N Biotechnol. 2011 Feb 28;28(2):146-52. doi: 10.1016/j.nbt.2010.10.008. Epub 2010 Oct 21.
The effect of different carbon and nitrogen sources on the production of mannan-degrading enzymes, focussing on β-mannanase, by Aspergillus niger was investigated using shake flask culture. The β-mannanase activity obtained during growth of A. niger on guar gum (GG, 1495 nkat mL(-1)) was much higher than those observed on other carbon substrates, locust bean gum (1148 nkat mL(-1)), α-cellulose (10.7 nkat mL(-1)), glucose (8.8 nkat mL(-1)) and carboxymethylcellulose (4.6 nkat mL(-1)). For fermentation using GG as a carbon source, bacteriological peptone gave the highest β-mannanase activity (1744 nkat mL(-1)) followed by peptone from meat (1168 nkat mL(-1)), yeast extract (817 nkat mL(-1)), ammonium sulphate (241 nkat mL(-1)), ammonium nitrate (113 nkat mL(-1)) and ammonium chloride (99 nkat mL(-1)) when used as a nitrogen source. The composition of bacteriological peptone and initial pH of the medium were further optimized using response surface methodology (RSM). Medium consisted of 21.3 g L(-1) GG and 57 g L(-1) peptone with initial culture pH of 5.5 was optimum for β-mannanase production (2063 nkat mL(-1)) by A. niger. The β-mannanase production obtained in this study using A. niger was significantly higher than those reported in the literature.
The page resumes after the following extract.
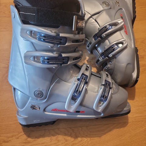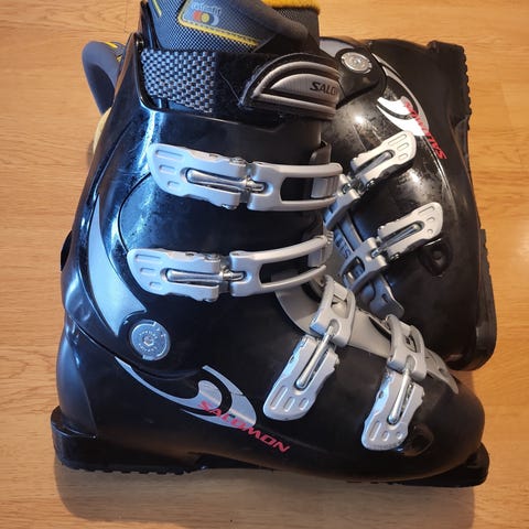 Salomon S9 alpinstøvler str 41.5/42 i svart og grå farge. Støvlene har fire justerbare spenner i metall og powerstrap øverst for bedre tilpasning rundt leggen. Innvendig er det polstret og fôret innerstøvel for økt komfort. Sålen har kraftig mønster for bedre feste ved gange på snø og is. Passer til bruk i alpinbakke med vanlige alpinbindinger.Mondo str 26.5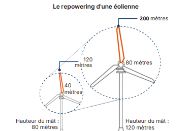 Précisons que certains acteurs distinguent les opérations de « repowering » complet et partiel (ex : remplacement des rotors d’éoliennes).

采用摇瓶培养法研究了不同碳源和氮源对黑曲霉产甘露聚糖酶(尤其是β-甘露聚糖酶)的影响。黑曲霉在瓜尔胶(GG,1495 nkat mL(-1))上生长时获得的β-甘露聚糖酶活性远高于其他碳底物,如刺槐豆胶(1148 nkat mL(-1))、α-纤维素(10.7 nkat mL(-1))、葡萄糖(8.8 nkat mL(-1))和羧甲基纤维素(4.6 nkat mL(-1))。对于以 GG 作为碳源的发酵,细菌蛋白胨的β-甘露聚糖酶活性最高(1744 nkat mL(-1)),其次是肉蛋白胨(1168 nkat mL(-1))、酵母提取物(817 nkat mL(-1))、硫酸铵(241 nkat mL(-1))、硝酸铵(113 nkat mL(-1))和氯化铵(99 nkat mL(-1))。采用响应面法(RSM)对细菌蛋白胨的组成和培养基初始 pH 值进行了进一步优化。培养基由 21.3 g L(-1) GG 和 57 g L(-1)蛋白胨组成,初始培养 pH 值为 5.5 时,黑曲霉β-甘露聚糖酶的产量最高(2063 nkat mL(-1))。本研究中黑曲霉生产的β-甘露聚糖酶的产量明显高于文献报道的产量。